Wednesday, April 14, 2010

Today -100: April 14, 1910: Of pardons and plots and dirigibles

Tennessee Governor Malcolm Patterson pardoned Col. Duncan Cooper for the murder not a year and a half before of Edward Carmack, former congresscritter (1897-1901), US senator (1901-7) and racist pig (1858-1908). Carmack had run for governor against Patterson in the 1908 Democratic primary, and Cooper was a good friend of the governor, who was a witness for him at the trial. After the primary, Carmack libeled Cooper repeatedly in the Nashville Tennessean, of which he was the editor. Cooper wrote to Carmack, “If my name appears in The Tennessean again, one of us must die.” The next day it did, and one of them did. Cooper’s son, also involved in the shooting, will receive a new trial (and be acquitted).

In his pardon statement, Patterson calls Cooper “D.B. Cooper.” Huh.

The US ambassador to Mexico, Henry Lane Wilson, claims there is a plot to embarrass him, although he does not see who the plotters might be. They did so by leaking the text of a speech he gave to a newspaper in Spain.

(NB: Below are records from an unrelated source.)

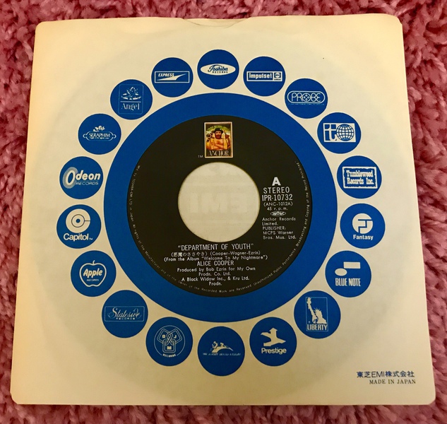 This rare Japanese 7" vinyl single features black Anchor Records labels, comes in an EMI paper sleeve complete with colour insert, and includes Department Of Youth on Side A and Cold Ethyl on Side B (both from the Welcome To My Nightmare album).
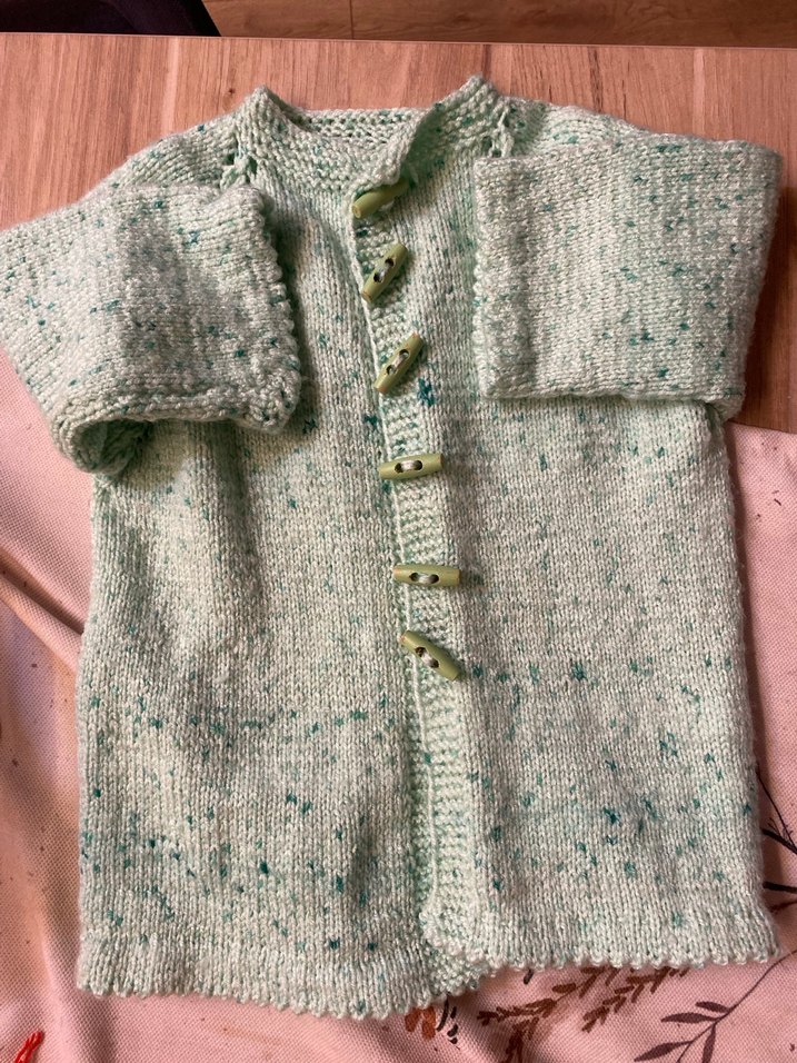 Pastel yeşil renkte, düğmeli, uzun kollu, bol kesim bohem tarzı kız çocuk hırkası. Marka temsili
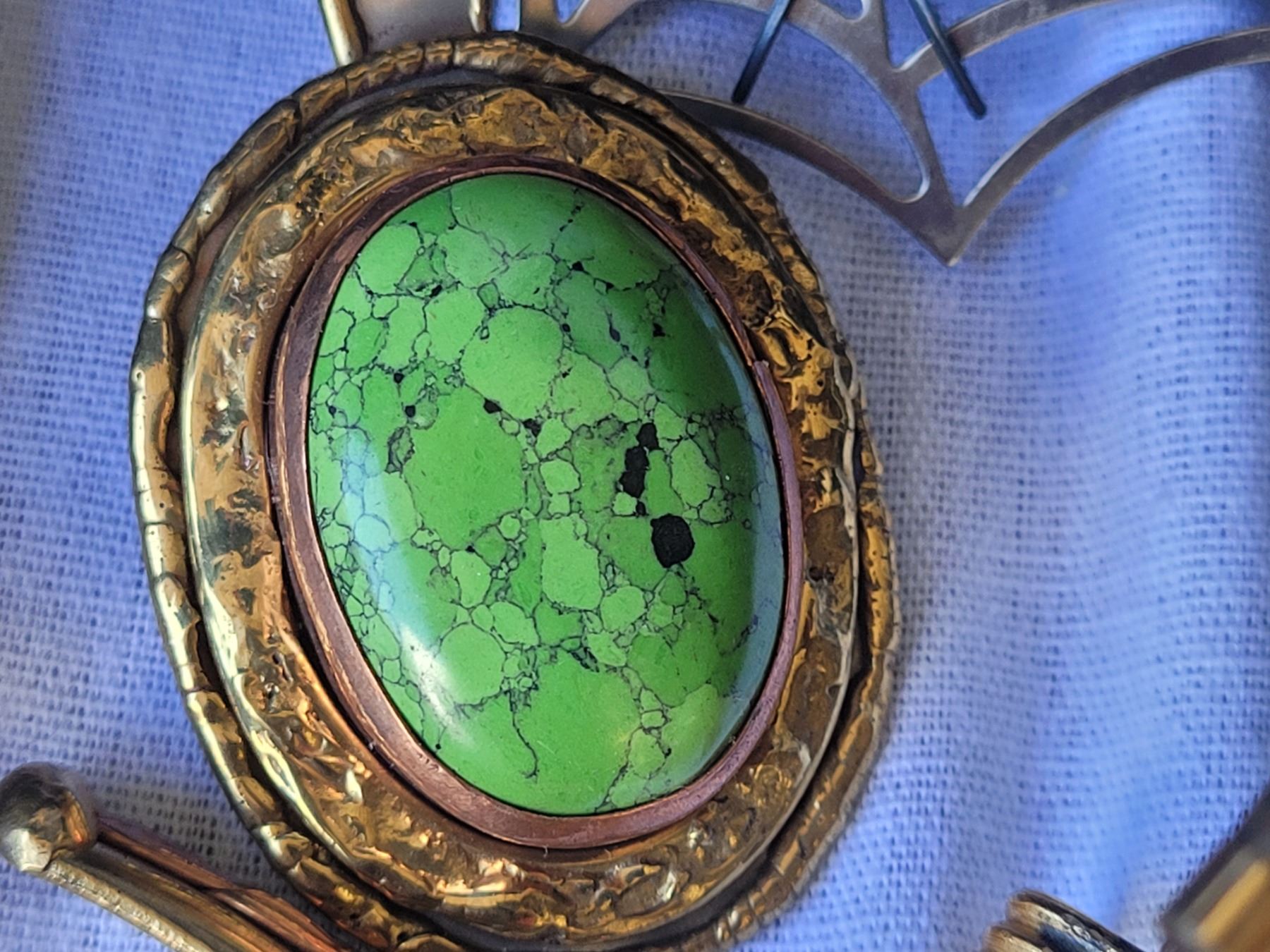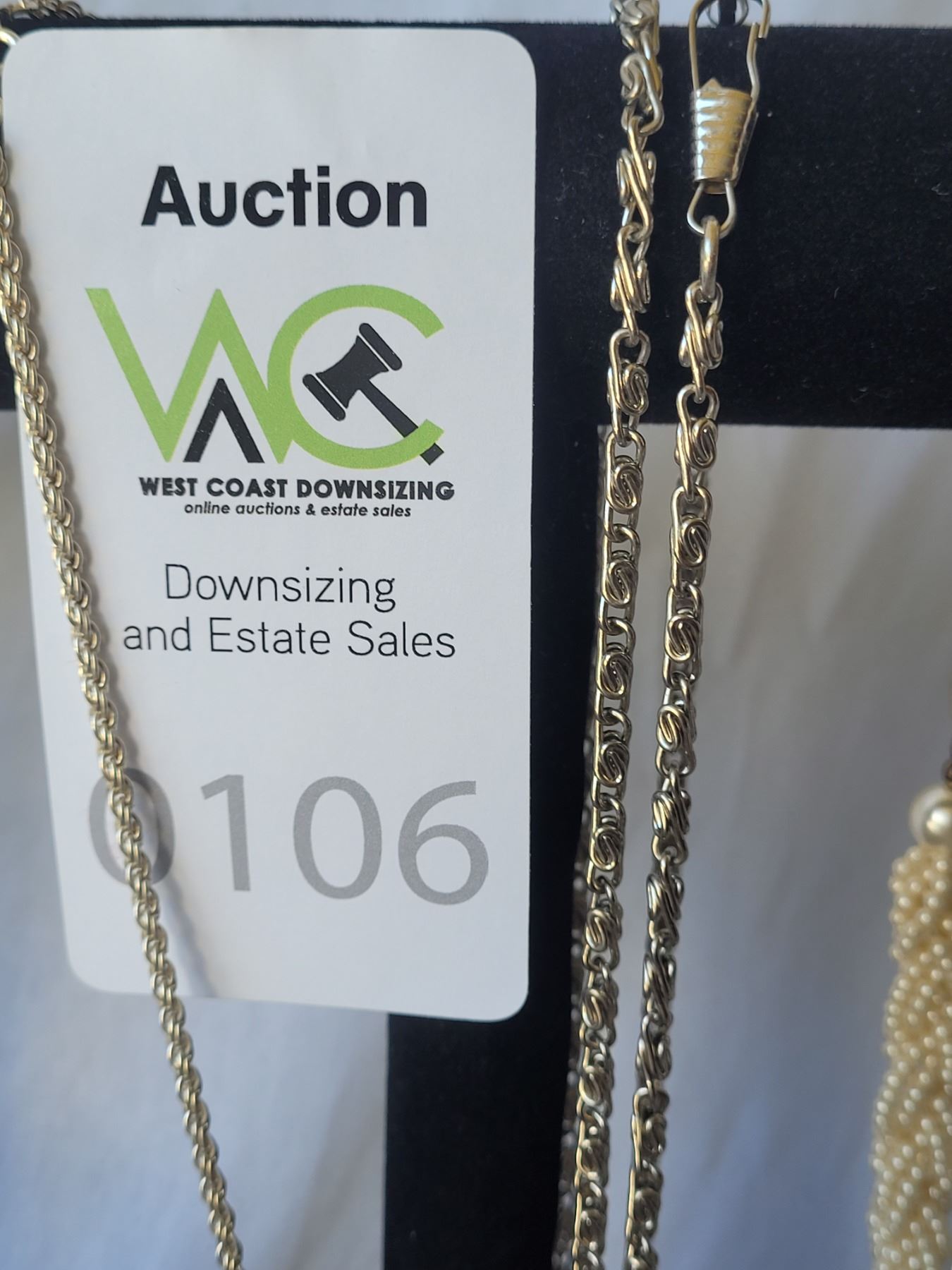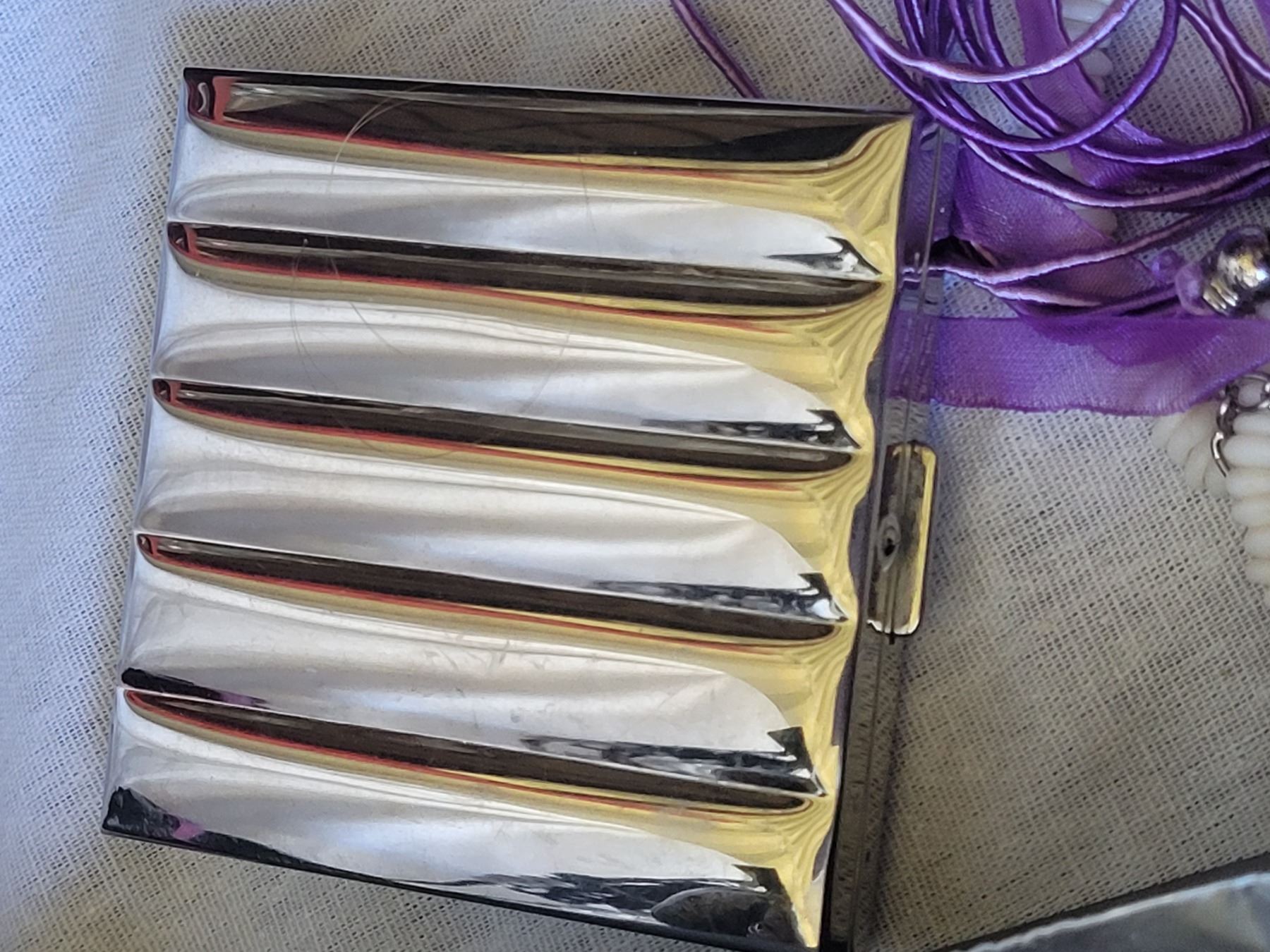Assortment of necklaces, earrings, brooches, vintage compacts, sterling silver bracelet and more. Pickup at 9 am
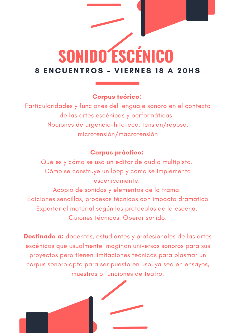 Un curso que te propone algo atípico en el mundo actual: un proceso creativo de 4 meses. A partir de textos breves vamos a construir propuestas sonoras mixtas (sonido acústico, amplificado y audio digital) con propóstios escénicos o performáticos. El objetivo es lograr un corpus sonoro que se ajuste a las necesidades estéticas, técnicas y prácticas de un montaje escénico, performático, callejero y un poquito audiovisual.

He said that Charles V, 16th century king of Spain and Holy Roman Emperor, enslaved the bodies and souls of people in two hemispheres in the name of God, and that the rise and development of Mexican civilization was the result of Aztec and Toltec blood.

The largest dirigible ever built in France, the Clement-Bayard II, has been completed, with a lifting power of 7,700 pounds beyond the car and motors. It is designed to carry 20 passengers and four crew.